The original and extraordinary blunder lies with Olaus Wormius, the great Danish antiquary, to whose authority poets and historians bowed without looking further. Our grave Olaus was bewildered by this monstrous style of the Scalds, and translated this drinking bout at Valhalla according to his own fancy—“Ex concavis crateribus craniorum;”—thus turning the “trees of the head” into a “skull,” and the skull into a hollow cup. The Scald, however, was innocent of this barbarous invention; and, in his violent figures and disordered fancy, merely alluded to the branching horns, growing as trees, from the heads of animals—that is, the curved horns which formed their drinking cups. If Olaus here, like Homer, nodded, something might be urged for his defence; for who is bound to understand such remote, if not absurd conceits? but I do not know that we could plead as fairly for his own interpolating fancy of “drinking out of the skulls of their enemies.”

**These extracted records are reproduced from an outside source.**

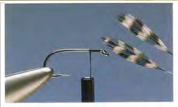
With the hook fixed in the vise, run the tying thread a short distance down the shank. Select two grizzle hackle points and remove the base fibers so the tips are the same length as the hook.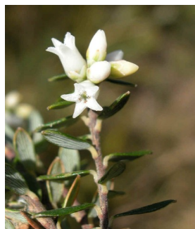
GJ Acrothamnus hookeri

common buzzy herb; leaves divided; balls of flower/seeds with hooks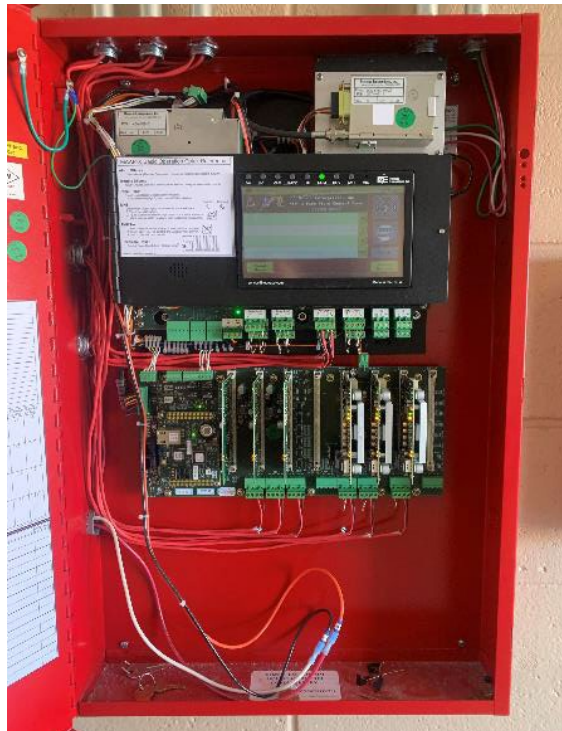
9 Inside FACP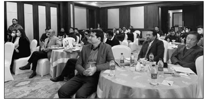
During the two-day regional workshop on Building Design for Energy Efficiency and Renewable Energy Integration in buildings in Ladakh.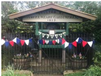
A special mention for the WI who decorated the well and the church railings.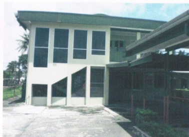
New Admin Block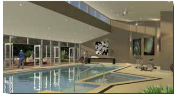
Treendale Club - artist's impression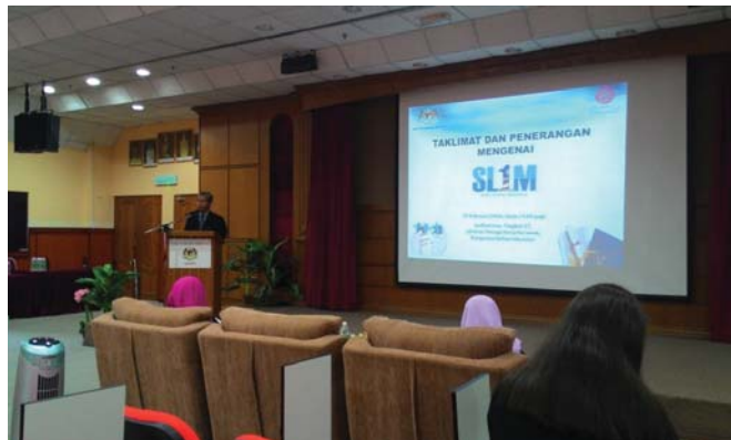
Photo: Seminar in progress

The Gazettes can be downloaded from STA's website at www.sta.org.my .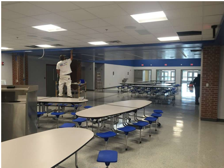
Painters touch up paint prior to students return on August 4 th .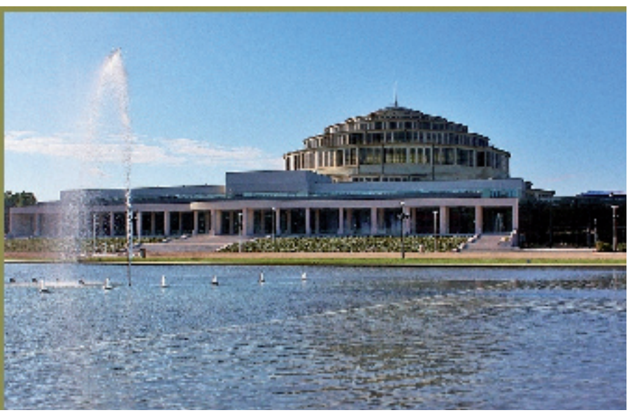
The monumental Centennial Hall, built in 1924

This grave blunder became universal, and a century passed away without its being detected. It was so familiar, that Peter Pindar once said that the booksellers, like the heroes of Valhalla, drank their wine out of the skulls of authors.

7 Hickes and Wanley mistook the “Ormulum,” a paraphrase of Gospel history, as mere prose; when in fact it is composed in long lines of fifteen syllables without rhyme.

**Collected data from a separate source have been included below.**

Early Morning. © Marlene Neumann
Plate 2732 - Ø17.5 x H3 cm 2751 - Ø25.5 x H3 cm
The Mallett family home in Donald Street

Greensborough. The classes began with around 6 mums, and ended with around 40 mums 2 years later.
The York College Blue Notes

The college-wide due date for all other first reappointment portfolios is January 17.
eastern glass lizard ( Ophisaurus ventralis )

8 See “A Manual of Scandinavian Mythology,” by Mr. Grenville Pigott. 1839. “The Northern Mythology” will be found here not only skilfully arranged, but its wondrous myths and fables elucidated by modern antiquaries. It is further illustrated by the translation of the poem of Œhlenschläger, on “The Gods of the North;” whose genius has been transfused in the nervous simplicity of the present version.

9 Such is the critical decision of Conybeare, a glorious enthusiast. “Illustrations of Anglo-Saxon Poetry,” by John Josiah Conybeare. 1826.

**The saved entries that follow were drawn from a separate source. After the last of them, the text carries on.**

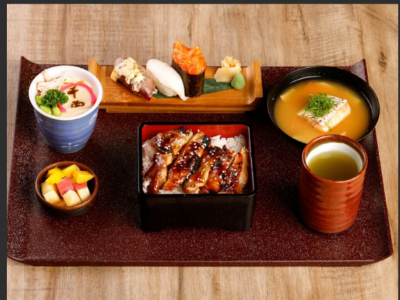
Chicken Teriyaki Jyu チキン照り焼き御膳 chicken teriyaki, rice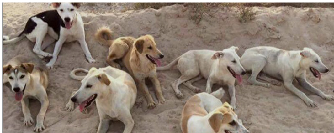
Stray dogs have taken up residence in different areas in the Kingdom, and they multiply!

The stray and abused dogs issue in the Kingdom of Bahrain is a complex one and there are no easy solutions. There are many causes for this problem. The most important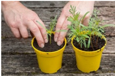
Potting up seedlings

Step 5 The seedlings will now grow several pairs of leaves. At this stage you can pot them up into a slightly larger pot, 7cm, using multi purpose compost to feed them. Use a pencil or similar to loosen the roots and only hold the seedling leaves to move it, any damage to the stem will kill the little plant. Grow on without cover, ensuring the compost is moist, not wet, and the small plant is covered from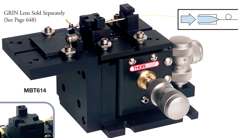
GRIN Lens Sold Separately (See Page 648)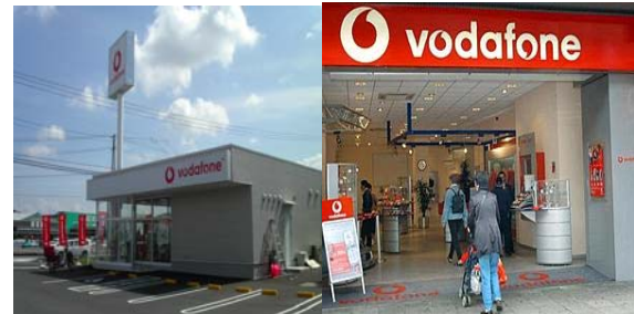
<Figure 6> Vodafone's changed logo(right) 25)

2003 Vodafone, a British cell phone company, voluntarily changed their company logo. The original logo had white letters on a red background but the company reversed this to red letters on a white background. The city has succeeded in establishing a culture of attractive signboards.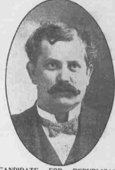
CANDIDATE FOR REPUBLICAN NOMINATION AS STATE TREASURER

where he has since resided. He has $58,000 of expenses which the State -Portland Labor Press. been elected as Mayor, City Recorder Printer does not get. the indebtedness of over $200,000 and run it. at the same time constructing each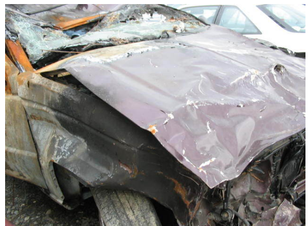
VEHICLE 1 RIGHT RIGHT front 1/3

The late Mr. Price, the editor of Warton’s History, announced an elaborate work on the Anglo-Saxon poetry. The verse of Conybeare and the disquisitions of Price would have completed this cycle of our ancient poetry. But a fatal coincidence marked the destiny of these eminent votaries of our poetic antiquity—both prematurely ceasing to exist while occupied on their works. Conybeare has survived in his brother, whose congenial tastes collected his remains; Price, who had long resided abroad, and there had silently stored up the whole wealth of Northern literature, on his return home remained little known till his valued edition of Warton announced to the literary world the acquisitions they were about to receive. He has left a name behind him, but not a work, for Price had no fraternal friend.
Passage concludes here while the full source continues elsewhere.